Images are not wanted; transcribe the rest of the listing exactly.

### Information supplied
* * * * * * *

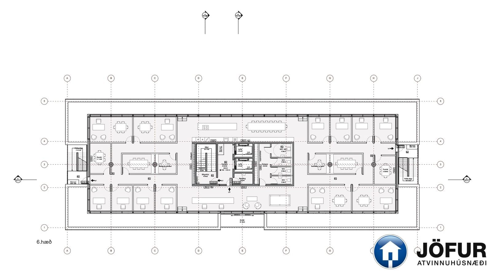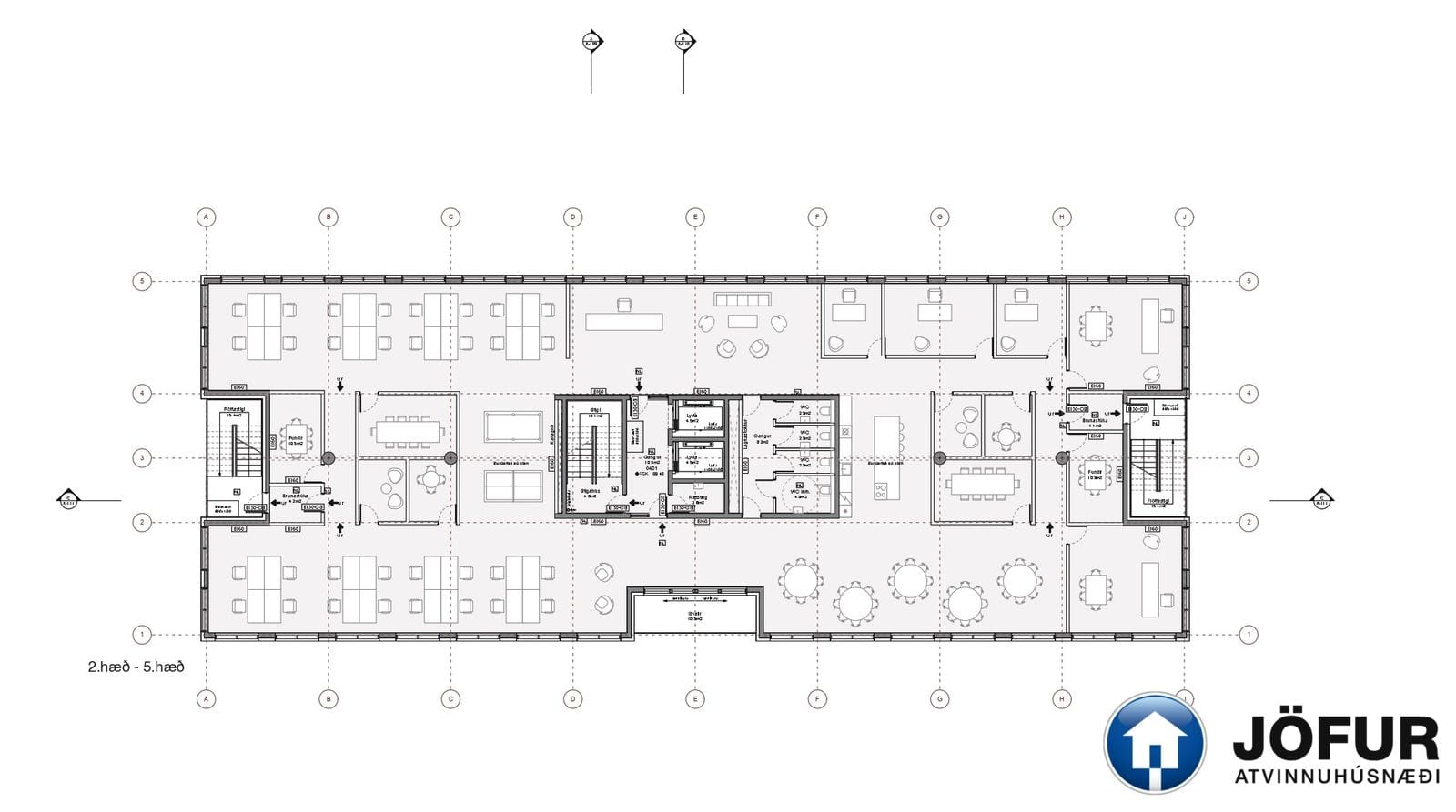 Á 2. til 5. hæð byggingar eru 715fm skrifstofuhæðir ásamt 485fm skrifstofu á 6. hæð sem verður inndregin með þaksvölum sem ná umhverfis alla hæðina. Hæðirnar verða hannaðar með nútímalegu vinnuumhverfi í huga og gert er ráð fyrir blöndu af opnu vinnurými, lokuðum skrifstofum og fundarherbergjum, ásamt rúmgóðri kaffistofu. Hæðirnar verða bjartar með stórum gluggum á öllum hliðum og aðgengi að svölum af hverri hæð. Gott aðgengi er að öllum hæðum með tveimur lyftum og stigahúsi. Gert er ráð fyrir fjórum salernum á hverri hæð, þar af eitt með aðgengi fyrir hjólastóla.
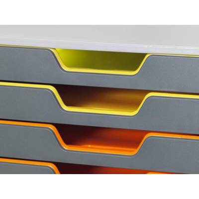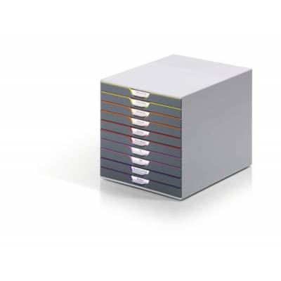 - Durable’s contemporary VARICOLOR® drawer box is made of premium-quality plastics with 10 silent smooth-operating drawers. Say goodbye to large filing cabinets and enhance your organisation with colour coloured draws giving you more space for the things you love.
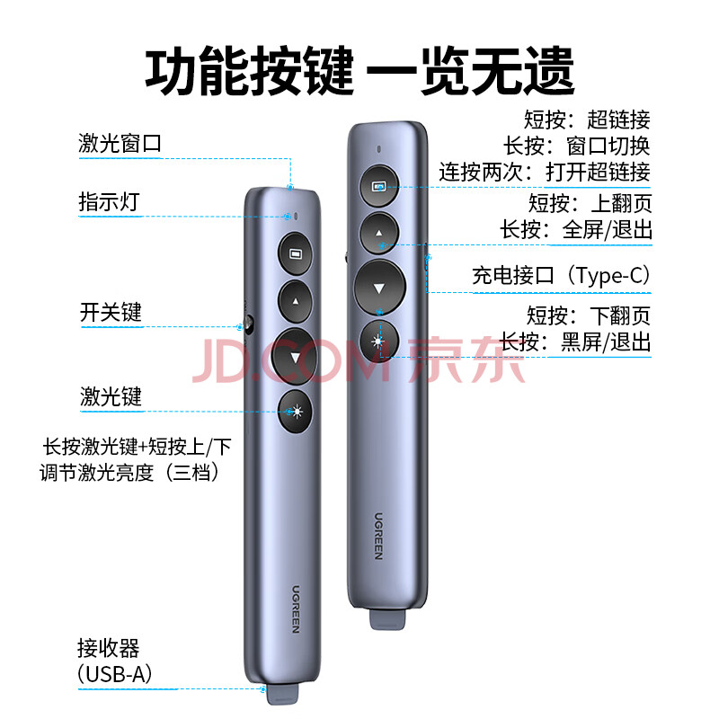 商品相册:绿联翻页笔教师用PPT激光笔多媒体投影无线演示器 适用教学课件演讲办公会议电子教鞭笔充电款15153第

* * * * * * *

### Answer
 Á 2. til 5. hæð byggingar eru 715fm skrifstofuhæðir ásamt 485fm skrifstofu á 6. hæð sem verður inndregin með þaksvölum sem ná umhverfis alla hæðina. Hæðirnar verða hannaðar með nútímalegu vinnuumhverfi í huga og gert er ráð fyrir blöndu af opnu vinnurými, lokuðum skrifstofum og fundarherbergjum, ásamt rúmgóðri kaffistofu. Hæðirnar verða bjartar með stórum gluggum á öllum hliðum og aðgengi að svölum af hverri hæð. Gott aðgengi er að öllum hæðum með tveimur lyftum og stigahúsi. Gert er ráð fyrir fjórum salernum á hverri hæð, þar af eitt með aðgengi fyrir hjólastóla.
 - Durable’s contemporary VARICOLOR® drawer box is made of premium-quality plastics with 10 silent smooth-operating drawers. Say goodbye to large filing cabinets and enhance your organisation with colour coloured draws giving you more space for the things you love.
 商品相册:绿联翻页笔教师用PPT激光笔多媒体投影无线演示器 适用教学课件演讲办公会议电子教鞭笔充电款15153第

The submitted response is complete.